Problem description
Below this line is a listing that includes pictures. Copy exactly, and only, the lines from the one containing "Installer et connecter" through the one containing "智能10核處理器,大屏視界,客廳耀眼巨作。內(nèi)置WIFI。 ?"; the pictures do not go in the copy.

Data to examine
■ ■ ■ ■ ■ ■ ■
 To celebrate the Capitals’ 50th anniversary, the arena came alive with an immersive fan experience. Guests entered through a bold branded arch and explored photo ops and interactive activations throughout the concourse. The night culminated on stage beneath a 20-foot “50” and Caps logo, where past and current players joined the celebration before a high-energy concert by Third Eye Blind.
■ ■ ■ ■ ■ ■ ■
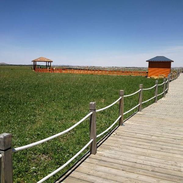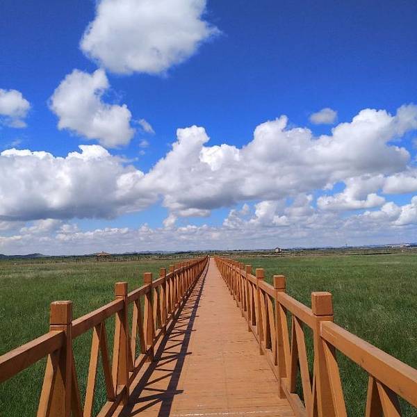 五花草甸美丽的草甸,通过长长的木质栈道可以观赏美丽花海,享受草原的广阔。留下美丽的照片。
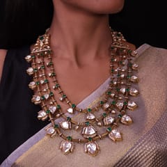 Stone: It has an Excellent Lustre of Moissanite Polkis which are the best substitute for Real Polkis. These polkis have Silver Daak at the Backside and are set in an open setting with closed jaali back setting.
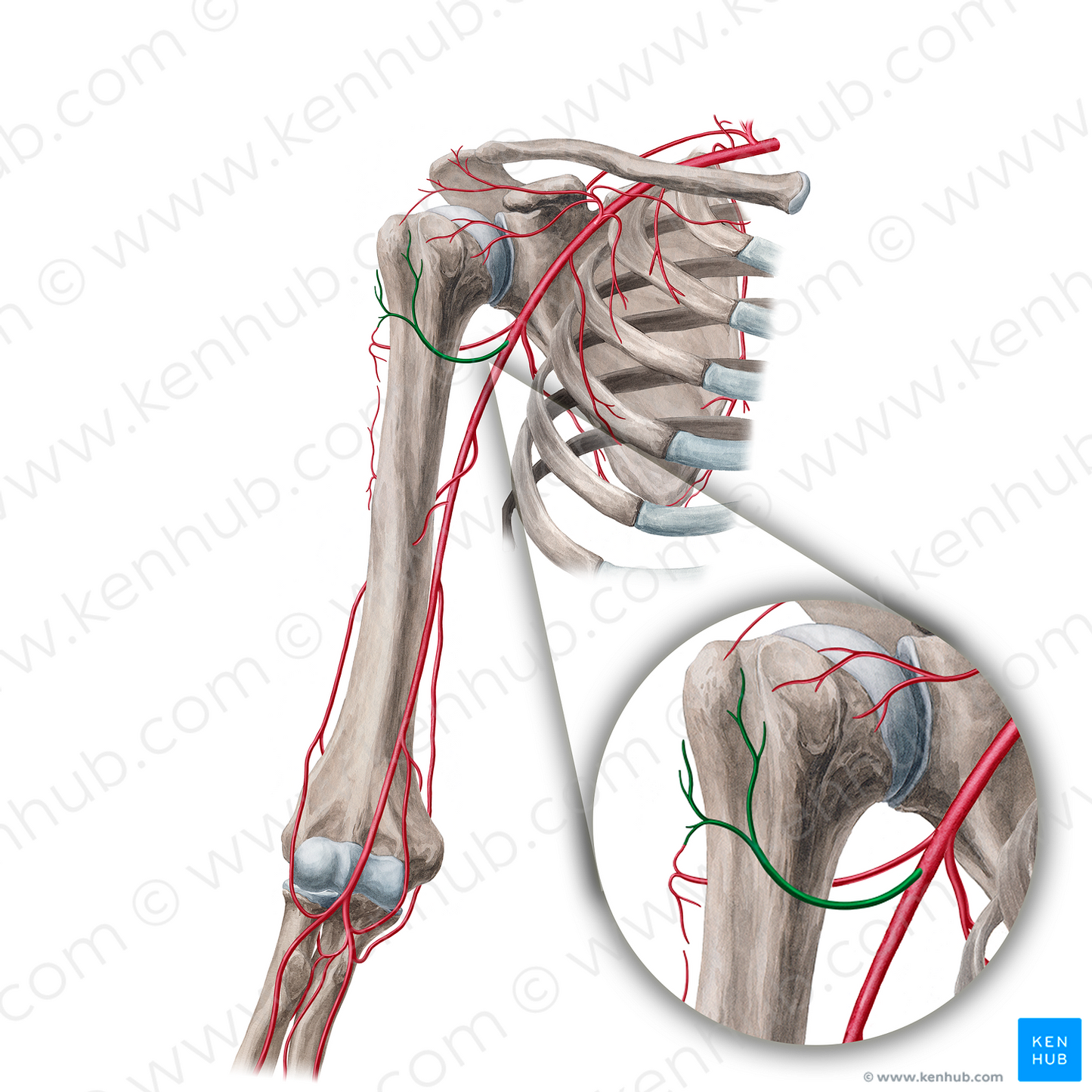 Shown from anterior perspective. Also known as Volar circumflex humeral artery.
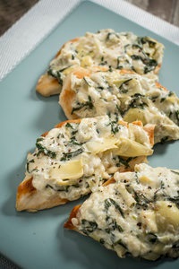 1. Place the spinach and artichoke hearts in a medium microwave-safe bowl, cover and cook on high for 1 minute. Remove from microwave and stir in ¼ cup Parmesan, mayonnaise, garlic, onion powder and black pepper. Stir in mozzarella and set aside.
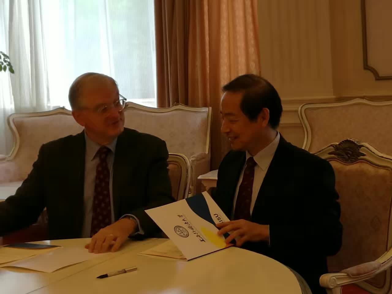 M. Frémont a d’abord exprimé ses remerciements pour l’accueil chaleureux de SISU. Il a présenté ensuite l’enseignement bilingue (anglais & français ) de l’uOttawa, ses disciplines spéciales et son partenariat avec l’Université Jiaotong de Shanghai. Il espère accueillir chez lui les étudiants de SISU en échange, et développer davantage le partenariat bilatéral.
■ ■ ■ ■ ■ ■ ■
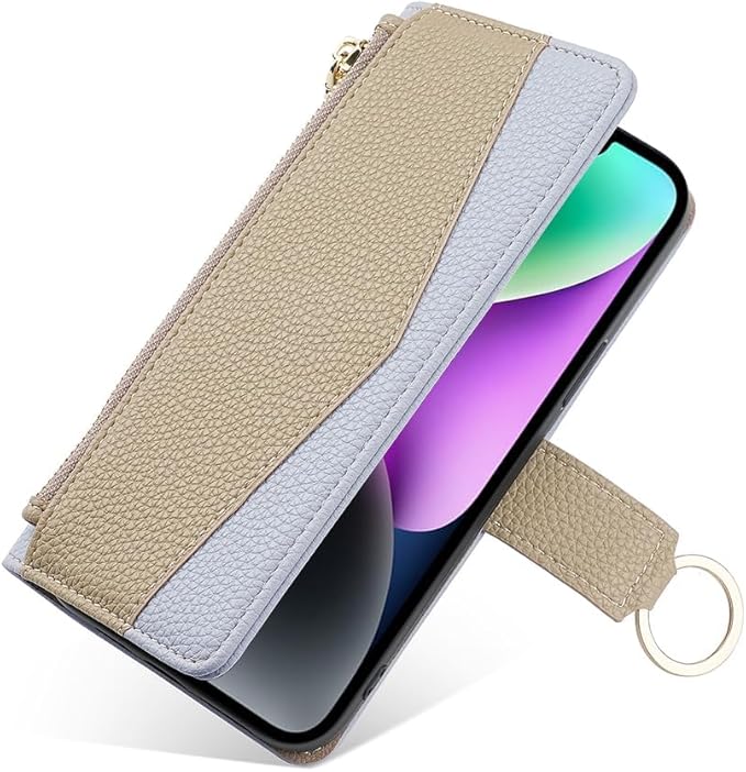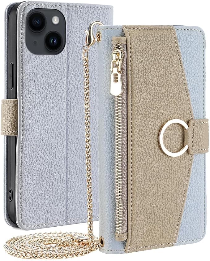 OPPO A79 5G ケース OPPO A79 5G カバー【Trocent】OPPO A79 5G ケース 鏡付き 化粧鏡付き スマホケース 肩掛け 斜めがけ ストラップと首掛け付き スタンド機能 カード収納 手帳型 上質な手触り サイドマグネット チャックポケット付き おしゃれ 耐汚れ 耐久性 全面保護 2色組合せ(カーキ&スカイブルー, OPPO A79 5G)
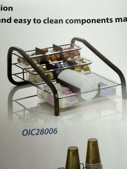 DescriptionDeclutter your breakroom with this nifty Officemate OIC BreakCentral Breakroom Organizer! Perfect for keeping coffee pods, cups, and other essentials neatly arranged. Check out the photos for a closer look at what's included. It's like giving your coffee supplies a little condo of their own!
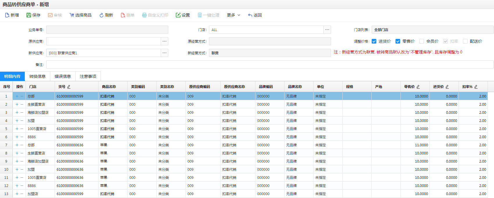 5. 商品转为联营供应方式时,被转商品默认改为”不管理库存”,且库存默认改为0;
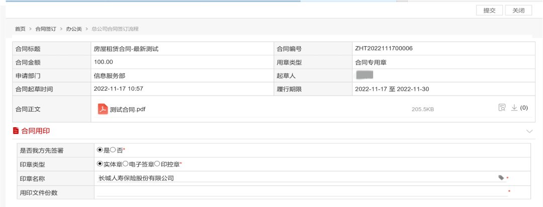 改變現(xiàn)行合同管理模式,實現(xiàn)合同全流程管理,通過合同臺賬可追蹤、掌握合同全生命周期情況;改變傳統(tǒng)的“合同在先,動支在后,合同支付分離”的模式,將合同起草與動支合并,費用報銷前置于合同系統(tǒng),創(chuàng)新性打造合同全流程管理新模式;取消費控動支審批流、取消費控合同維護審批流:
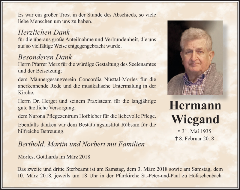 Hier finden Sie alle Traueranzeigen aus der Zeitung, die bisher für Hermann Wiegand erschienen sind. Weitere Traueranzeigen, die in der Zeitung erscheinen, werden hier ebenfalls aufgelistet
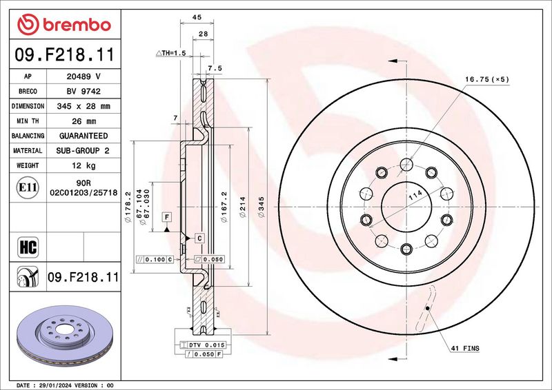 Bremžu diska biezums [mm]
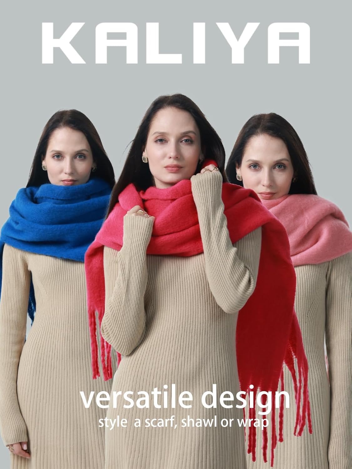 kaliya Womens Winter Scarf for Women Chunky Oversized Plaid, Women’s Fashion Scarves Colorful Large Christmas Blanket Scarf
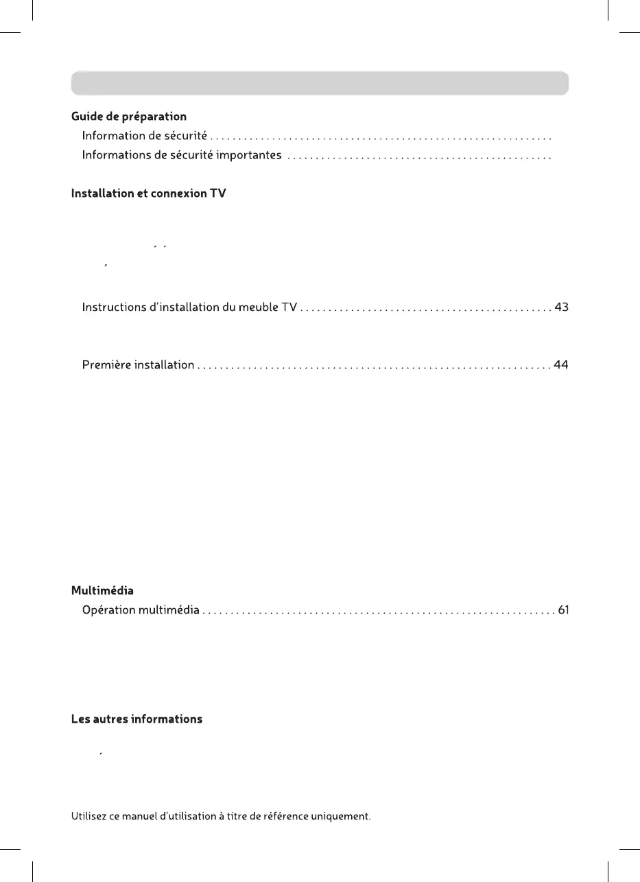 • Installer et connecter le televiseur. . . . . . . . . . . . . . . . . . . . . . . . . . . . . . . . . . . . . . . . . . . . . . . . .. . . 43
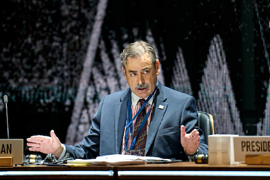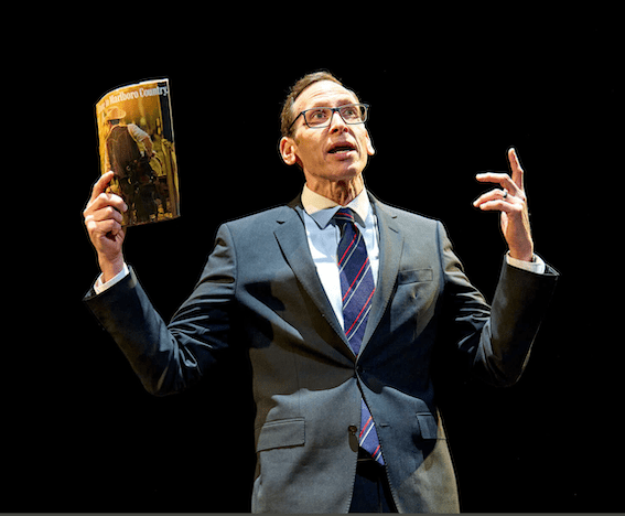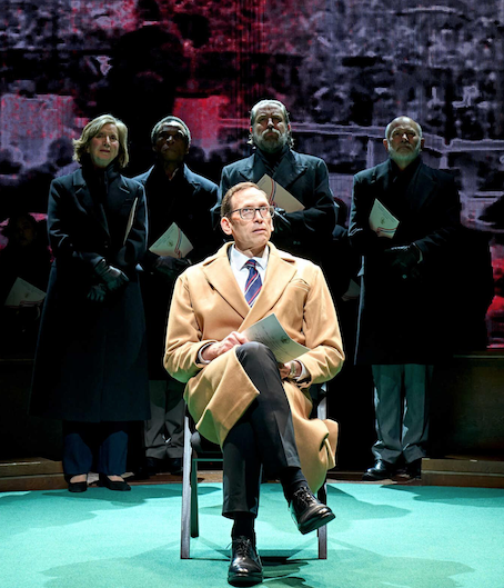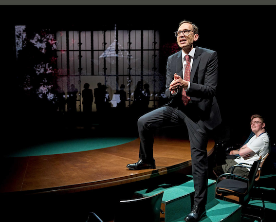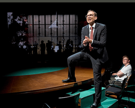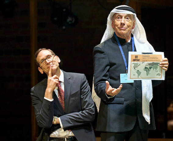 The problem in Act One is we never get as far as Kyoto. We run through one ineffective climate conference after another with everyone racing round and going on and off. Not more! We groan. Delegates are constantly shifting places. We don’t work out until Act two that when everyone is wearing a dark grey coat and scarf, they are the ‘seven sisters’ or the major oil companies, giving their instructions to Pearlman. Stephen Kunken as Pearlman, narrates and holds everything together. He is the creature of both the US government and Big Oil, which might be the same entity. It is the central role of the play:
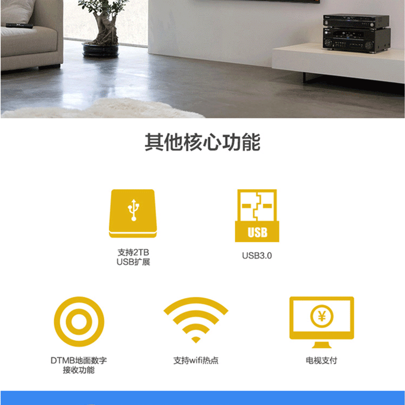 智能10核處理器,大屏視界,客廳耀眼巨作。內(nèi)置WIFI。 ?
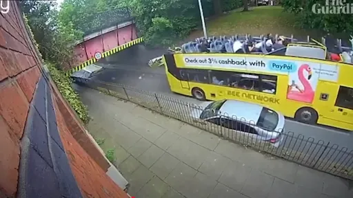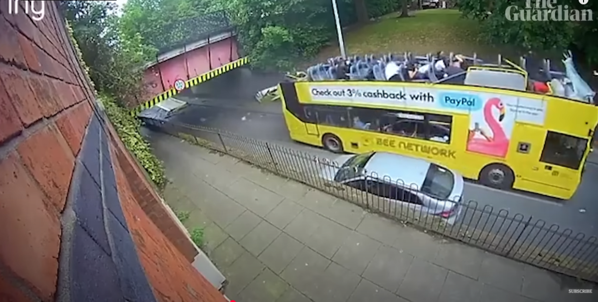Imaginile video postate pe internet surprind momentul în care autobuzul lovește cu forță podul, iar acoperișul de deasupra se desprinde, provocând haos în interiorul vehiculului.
■ ■ ■ ■ ■ ■ ■
Worked solution
 • Installer et connecter le televiseur. . . . . . . . . . . . . . . . . . . . . . . . . . . . . . . . . . . . . . . . . . . . . . . . .. . . 43
 The problem in Act One is we never get as far as Kyoto. We run through one ineffective climate conference after another with everyone racing round and going on and off. Not more! We groan. Delegates are constantly shifting places. We don’t work out until Act two that when everyone is wearing a dark grey coat and scarf, they are the ‘seven sisters’ or the major oil companies, giving their instructions to Pearlman. Stephen Kunken as Pearlman, narrates and holds everything together. He is the creature of both the US government and Big Oil, which might be the same entity. It is the central role of the play:
 智能10核處理器,大屏視界,客廳耀眼巨作。內(nèi)置WIFI。 ?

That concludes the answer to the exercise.